Mes amours décomposés

Journal d'un séducteur

Par Pascal Bontempi, Le Provençal, 05/03/1990

Gabriel Matzneff : archange ou démon ? Les deux, peut-être. Tour à tour archange aux pieds fourchus et diable angélique, ce séducteur impénitent nous livre avec "Mes amours décomposés" - chez Gallimard - le journal (1983-1984) de ses conquêtes menées à un galop d'enfer. Son crédo : "J'aime conquérir, séduire, charmer, fasciner." Il parvient ainsi à constituer un harem, digne d'un prince arabe, "peuplé de délicieuses maîtresses" avec lesquelles il s'adonne à des joutes érotiques dont il ne cache rien.
Paris ne suffit pas à son champ d'action. Il court de Marseille à Strasbourg aux rendez-vous qu'il donne à de jeunes lectrices qui demandent à devenir ses amantes. Ses séjours ajacciens, il les passe avec ses amoureuses du moment, et à rédiger aussi quelques chapitres de son admirable essai "La diététique de Lord Byron", au soleil, sur la terrasse de l'hôtel Fesch. De ses cahiers s'échappent des grains de sable. "Le sable des plages d'Ajaccio ! Le sable de mes amours avec Marie-Laurence !", note l'auteur.
Comment cet homme de désir ne se laisse-t-il pas dévorer par sa "diabolique" vie amoureuse ? Sans doute parce qu'il parvient à appliquer, tant bien que mal, une règle toute personnelle : "Le matin pour l'écriture, l'après-midi pour l'amour, le soir pour l'amitié."
Mais tout n'est pas rose dans l'existence de ce libertin.
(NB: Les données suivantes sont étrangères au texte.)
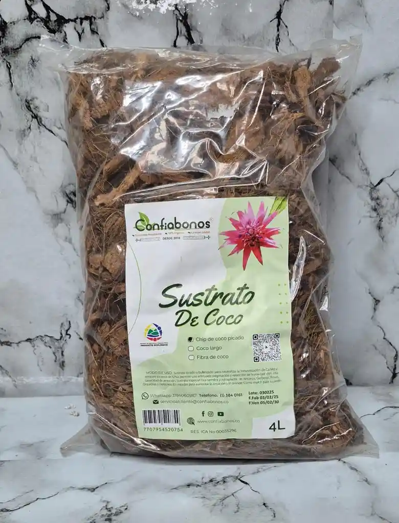 SUSTRATO DE COCO MARCA CONFIABONOS, UTILIZADO PARA RETENCION DE HUMEDAD Y ALTA CAPACIDAD DE AIREACION, ESPECIAL PARA ANTURIOS, GERBERAS, ROSAS ORQUIDEAS Y HELECHOS

Il s'en faut de beaucoup. Gabriel Matzneff essuie des coups de cafard, traverse des périodes de désespoir extrême qui le conduisent au bord du suicide ; il lui arrive souvent de haïr très fort sa vie dissolue ; il a la nostalgie de la fidélité. Et il lui faut affronter les tempêtes que déclenchent les chasseurs de scandales (l'affaire du Coral, par exemple) et ceux qui veulent à tout prix abattre cet écrivain libre de toute attache matérielle, ce "clochard de luxe", comme il se proclame lui-même, ce mauvais sujet qui fait ses quatre volontés, qui emprunte les chemins interdits et raconte ses frasques sans pudeur. Ah oui ! plutôt mourir que de n'être pas totalement libre, totalement disponible pour l'"unum necessarium", s'écrit-il.
"Votre vie et votre oeuvre sont originales, au sens fort de ce mot, et c'est ce que la société ne supporte pas", lui dit François Mitterrand après un déjeuner à l'Elysée avec des écrivains.
Pour échapper à la meute, à la folie et à la mort, Gabriel Matzneff se sert du véhicule de l'écriture "coeur de la mémoire et mémoire du coeur", selon sa jolie formule. Le rythme de son journal intime nous fait penser à l'éblouissant film de Max Ophuls, "La Ronde". Son style nous emporte dans les tourbillons vertigineux de ses années donjuanesques.